- [Your goal] An exact transcription of the entries is required, with none of the pictures carried over.

- [Study material]
--- --- ---

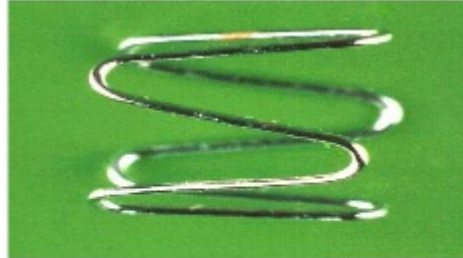
Rys. 9 Stent pierścieniowy [12]

W przypadku zwężenia naczyń krwionośnych w celu poprawy przepływu krwi można stosować stenty kardiologiczne, czyli spirale implantowane do zwężonej tętnicy w trakcie zabiegu angioplastyki, którą wprowadza się w celu poszerzenia światła naczyń krwionośnych. Wyróżnia się stenty samorozszerzające się wykonane z materiałów z pamięcią kształtu np. Nitinolu oraz stenty umieszczone w cewniku wraz z specjalnym balonikiem wykonane zwykle ze stali 316l. Pod względem budowy można wymienić stenty siateczkowe, rurkowe z nacięciem, w kształcie zwoju i pierścieniowe (Rys. 6-10). Najważniejszą cechą stentu jest jego atrombogenność, ponieważ powstanie skrzepów może doprowadzić do zamknięcia światła tętnicy. Jeśli materiał z którego wykonany jest stent nie wykazuje tej właściwości, pokrywa się go atrombogenicznymi powłokami np. fosforanowo wapniowymi lub węglowymi, które zapobiegają powstaniu skrzepów. Do innych wymagań należy odporność na działanie różnych ciśnień krwi, mały przekrój, odpowiednie rozmiary, elastyczność, brak zmiany przekroju przy rozciąganiu, odporność na zużycie, utrzymywanie drożności, stabilność wymiarową, biogodność, odporność na zakażenia, dostępność i łatwość implantacji [6,12].
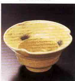
40-8-8F 3,200円 2185040008 黄瀬戸三つ押小鉢 (13φ×6.2H)
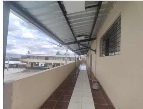
Imagen 13: Protección de accesos con cubierta
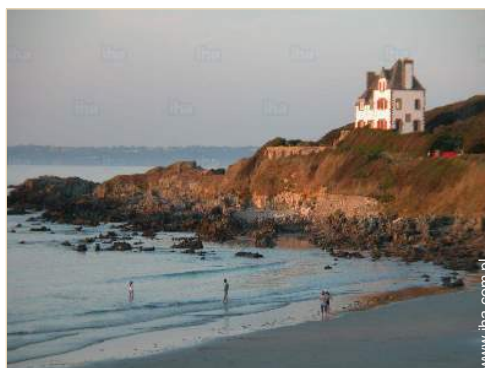
bezpośredni dostęp do plaży
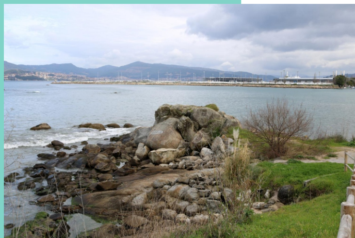
Punta da Cruces.
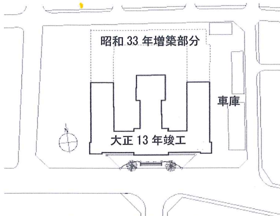
図1-3 旧岐阜県庁舎の敷地

延面積は2,849.125坪(約9,416㎡)、県会議事堂 其他延面積は501.750坪(約1,658㎡)であった。

--- --- ---

- [Your response]
Rys. 9 Stent pierścieniowy [12]

W przypadku zwężenia naczyń krwionośnych w celu poprawy przepływu krwi można stosować stenty kardiologiczne, czyli spirale implantowane do zwężonej tętnicy w trakcie zabiegu angioplastyki, którą wprowadza się w celu poszerzenia światła naczyń krwionośnych. Wyróżnia się stenty samorozszerzające się wykonane z materiałów z pamięcią kształtu np. Nitinolu oraz stenty umieszczone w cewniku wraz z specjalnym balonikiem wykonane zwykle ze stali 316l. Pod względem budowy można wymienić stenty siateczkowe, rurkowe z nacięciem, w kształcie zwoju i pierścieniowe (Rys. 6-10). Najważniejszą cechą stentu jest jego atrombogenność, ponieważ powstanie skrzepów może doprowadzić do zamknięcia światła tętnicy. Jeśli materiał z którego wykonany jest stent nie wykazuje tej właściwości, pokrywa się go atrombogenicznymi powłokami np. fosforanowo wapniowymi lub węglowymi, które zapobiegają powstaniu skrzepów. Do innych wymagań należy odporność na działanie różnych ciśnień krwi, mały przekrój, odpowiednie rozmiary, elastyczność, brak zmiany przekroju przy rozciąganiu, odporność na zużycie, utrzymywanie drożności, stabilność wymiarową, biogodność, odporność na zakażenia, dostępność i łatwość implantacji [6,12].
40-8-8F 3,200円 2185040008 黄瀬戸三つ押小鉢 (13φ×6.2H)
Imagen 13: Protección de accesos con cubierta
bezpośredni dostęp do plaży
Punta da Cruces.
図1-3 旧岐阜県庁舎の敷地

延面積は2,849.125坪(約9,416㎡)、県会議事堂 其他延面積は501.750坪(約1,658㎡)であった。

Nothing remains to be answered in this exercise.